For N = 6, H(0) = 0.016, H(1) = 0.094, H(2) = 0.234, H(3) = 0.313, H(4) = 0.234, H(5) = 0.094, H(6) = 0.016 (64 possible outcomes, 50 of which are 2H4T, 3H3T, 4H2T).

Notice that for 6 flips, that chance you will see 2, 3, or 4 heads is 78%. As N gets bigger, the probabilities of getting a number of heads in the vicinity of the halfway mark is very great, and the likelihood of seeing very many or very few heads will be very small.

There is no force pushing to the mean, it's just the probability that you're seeing one of the very unlikely outcomes is very very small. But again then you might see it someday.

Note that this is just a restatement of Erick Wong's answer.

Imagine that there are 2^N tables in a vast room, each with N coins laid out on the table in a unique combination. Each table has a chair and you are dropped from the ceiling into the room and land in a chair at one of the tables. That is the "trial" you just ran. Chances are that that table will have approximately N/2 heads. Remember that out of 2^N tables (e.g. for 1000 coins, there will be over 10^301 tables), there is only one with no heads.

user76844 On 29 Jan 2015 - 9:42

This isn't an answer, but I thought this group would appreciate it. Just to show that the behavior in the graph above is not universal, I plotted the sequence of sample averages for a Standard Cauchy distribution for $n=1...10^6$!. Note how, even at extremely large sample sizes, the sample average jumps around.

If my computer weren't so darn slow, I could increase this by another order of magnitude and you'd not see any difference. The sample average for a Cauchy Distribution behaves nothing like that for coin flips, so one needs to be careful about invoking LLN. The expected value of your underlying process needs to exist first!

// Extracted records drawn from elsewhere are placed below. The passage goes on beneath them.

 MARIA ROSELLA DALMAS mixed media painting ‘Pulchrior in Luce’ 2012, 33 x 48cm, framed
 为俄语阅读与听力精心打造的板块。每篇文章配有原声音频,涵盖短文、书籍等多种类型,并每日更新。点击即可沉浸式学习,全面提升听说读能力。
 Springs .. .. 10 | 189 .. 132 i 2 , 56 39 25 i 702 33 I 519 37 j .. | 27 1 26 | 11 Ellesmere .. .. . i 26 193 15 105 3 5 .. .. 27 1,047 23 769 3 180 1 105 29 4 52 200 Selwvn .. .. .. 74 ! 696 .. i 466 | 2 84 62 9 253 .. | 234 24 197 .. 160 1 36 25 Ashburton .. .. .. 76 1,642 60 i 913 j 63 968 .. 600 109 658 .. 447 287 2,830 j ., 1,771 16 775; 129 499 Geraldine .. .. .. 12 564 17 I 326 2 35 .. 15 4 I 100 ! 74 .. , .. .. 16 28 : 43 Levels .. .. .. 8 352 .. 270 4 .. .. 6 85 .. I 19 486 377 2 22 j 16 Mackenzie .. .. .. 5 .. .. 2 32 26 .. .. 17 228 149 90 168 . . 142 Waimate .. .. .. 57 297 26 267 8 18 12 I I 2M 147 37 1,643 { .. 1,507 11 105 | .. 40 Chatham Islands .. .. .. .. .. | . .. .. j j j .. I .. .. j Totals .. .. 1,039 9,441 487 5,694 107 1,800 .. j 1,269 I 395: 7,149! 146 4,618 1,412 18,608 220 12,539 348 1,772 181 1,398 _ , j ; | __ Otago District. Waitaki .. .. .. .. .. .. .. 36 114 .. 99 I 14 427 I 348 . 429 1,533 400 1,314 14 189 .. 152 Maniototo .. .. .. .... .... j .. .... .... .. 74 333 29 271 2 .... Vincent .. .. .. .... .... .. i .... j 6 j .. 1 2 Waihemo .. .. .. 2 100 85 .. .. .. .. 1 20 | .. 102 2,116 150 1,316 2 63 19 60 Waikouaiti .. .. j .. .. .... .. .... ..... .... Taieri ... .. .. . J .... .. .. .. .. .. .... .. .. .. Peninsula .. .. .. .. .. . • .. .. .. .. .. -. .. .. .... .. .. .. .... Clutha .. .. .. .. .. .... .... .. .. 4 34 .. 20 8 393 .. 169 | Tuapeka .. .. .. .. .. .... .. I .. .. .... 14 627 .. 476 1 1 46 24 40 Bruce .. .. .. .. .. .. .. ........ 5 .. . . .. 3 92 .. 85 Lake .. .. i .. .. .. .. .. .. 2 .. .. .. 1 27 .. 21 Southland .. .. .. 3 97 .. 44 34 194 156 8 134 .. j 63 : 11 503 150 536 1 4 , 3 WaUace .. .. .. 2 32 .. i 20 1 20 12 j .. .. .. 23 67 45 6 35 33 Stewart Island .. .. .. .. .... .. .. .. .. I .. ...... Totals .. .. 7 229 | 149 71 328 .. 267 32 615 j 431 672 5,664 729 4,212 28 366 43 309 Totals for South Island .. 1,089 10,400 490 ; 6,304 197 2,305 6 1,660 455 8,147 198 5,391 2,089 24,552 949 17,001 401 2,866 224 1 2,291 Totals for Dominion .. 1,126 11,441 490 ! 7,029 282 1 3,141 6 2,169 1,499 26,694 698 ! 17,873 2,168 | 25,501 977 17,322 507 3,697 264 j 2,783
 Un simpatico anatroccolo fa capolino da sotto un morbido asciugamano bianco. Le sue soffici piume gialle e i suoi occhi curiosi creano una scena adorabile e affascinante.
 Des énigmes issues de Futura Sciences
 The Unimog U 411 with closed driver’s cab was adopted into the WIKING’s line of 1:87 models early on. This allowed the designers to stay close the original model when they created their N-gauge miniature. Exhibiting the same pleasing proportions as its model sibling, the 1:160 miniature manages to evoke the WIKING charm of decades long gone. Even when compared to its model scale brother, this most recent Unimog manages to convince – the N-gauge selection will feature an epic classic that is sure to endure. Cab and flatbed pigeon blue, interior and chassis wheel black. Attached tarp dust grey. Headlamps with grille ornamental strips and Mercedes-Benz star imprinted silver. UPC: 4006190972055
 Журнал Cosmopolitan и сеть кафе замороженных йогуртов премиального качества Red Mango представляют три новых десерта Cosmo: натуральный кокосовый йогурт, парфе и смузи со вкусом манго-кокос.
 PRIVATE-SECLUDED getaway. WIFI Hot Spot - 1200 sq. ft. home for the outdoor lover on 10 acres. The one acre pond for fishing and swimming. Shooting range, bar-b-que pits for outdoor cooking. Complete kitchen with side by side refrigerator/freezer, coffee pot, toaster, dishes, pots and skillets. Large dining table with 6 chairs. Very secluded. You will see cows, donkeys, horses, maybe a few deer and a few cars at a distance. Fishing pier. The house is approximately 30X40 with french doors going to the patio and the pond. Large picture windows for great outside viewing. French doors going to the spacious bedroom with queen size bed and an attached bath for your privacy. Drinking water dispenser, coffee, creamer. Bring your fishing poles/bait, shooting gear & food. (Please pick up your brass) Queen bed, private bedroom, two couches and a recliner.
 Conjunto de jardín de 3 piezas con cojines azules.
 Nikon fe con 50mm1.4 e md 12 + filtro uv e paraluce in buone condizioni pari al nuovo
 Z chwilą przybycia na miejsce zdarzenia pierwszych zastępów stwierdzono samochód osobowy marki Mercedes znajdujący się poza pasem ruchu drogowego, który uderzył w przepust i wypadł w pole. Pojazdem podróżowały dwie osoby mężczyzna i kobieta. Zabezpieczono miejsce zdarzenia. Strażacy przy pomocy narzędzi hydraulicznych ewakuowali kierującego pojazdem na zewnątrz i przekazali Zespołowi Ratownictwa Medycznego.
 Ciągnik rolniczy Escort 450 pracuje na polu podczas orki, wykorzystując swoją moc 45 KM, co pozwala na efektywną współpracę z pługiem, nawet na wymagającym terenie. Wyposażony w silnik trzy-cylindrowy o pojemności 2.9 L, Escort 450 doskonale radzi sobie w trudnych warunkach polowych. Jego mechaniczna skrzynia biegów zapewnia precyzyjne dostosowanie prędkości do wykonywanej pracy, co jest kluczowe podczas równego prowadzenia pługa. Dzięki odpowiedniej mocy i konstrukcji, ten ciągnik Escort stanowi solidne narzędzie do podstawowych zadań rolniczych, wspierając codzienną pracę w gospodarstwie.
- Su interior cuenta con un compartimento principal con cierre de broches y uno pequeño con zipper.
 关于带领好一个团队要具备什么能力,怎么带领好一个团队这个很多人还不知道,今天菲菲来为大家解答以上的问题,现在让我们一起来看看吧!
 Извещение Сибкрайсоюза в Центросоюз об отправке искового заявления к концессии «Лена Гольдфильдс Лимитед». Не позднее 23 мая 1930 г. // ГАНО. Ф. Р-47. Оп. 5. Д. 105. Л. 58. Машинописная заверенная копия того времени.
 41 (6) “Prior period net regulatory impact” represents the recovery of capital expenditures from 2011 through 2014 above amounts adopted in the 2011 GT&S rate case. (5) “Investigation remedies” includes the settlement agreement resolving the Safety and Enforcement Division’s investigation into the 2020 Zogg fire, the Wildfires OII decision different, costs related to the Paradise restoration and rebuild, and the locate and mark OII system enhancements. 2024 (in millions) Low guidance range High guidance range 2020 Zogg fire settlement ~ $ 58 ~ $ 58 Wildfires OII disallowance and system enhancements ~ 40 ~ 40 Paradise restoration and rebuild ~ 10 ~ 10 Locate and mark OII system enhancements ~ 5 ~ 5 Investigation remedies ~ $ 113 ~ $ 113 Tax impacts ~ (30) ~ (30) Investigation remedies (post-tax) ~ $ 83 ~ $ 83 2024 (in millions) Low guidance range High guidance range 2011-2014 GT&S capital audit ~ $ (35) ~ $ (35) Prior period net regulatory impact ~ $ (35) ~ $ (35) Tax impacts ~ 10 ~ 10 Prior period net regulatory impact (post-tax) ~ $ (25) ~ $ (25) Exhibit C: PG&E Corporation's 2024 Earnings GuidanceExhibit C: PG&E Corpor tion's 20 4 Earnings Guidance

enter image description here

Response to OP concerns

I did not bring this example up to further concern you, but merely to point out that "averaging" does not always reduce the variability of an estimate. The vast majority of the time, we are dealing with phenomena that possess an expected value (e.g., coin tosses of a fair coin). However, the Cauchy is pathological in this regard, since it does not possess an expected value...so there is no number for your sample averages to converge to.

Now, many moons ago when I first encountered this fact, it blew my mind...and shook my confidence in statistics for a short time! However, I've come to be comfortable with this fact. At the intuitive level (and as many of the posters here have pointed out) what the LLN relies upon is the fact that no single outcome can consistently dominate the sample average...sure, in the first few tosses the outcomes do have a large influence, but after you've accumulated $10^6$ tosses, you would not expect the next toss to change your sample average from, say, 0.1 to 0.9, right? It's just not mathematically possible.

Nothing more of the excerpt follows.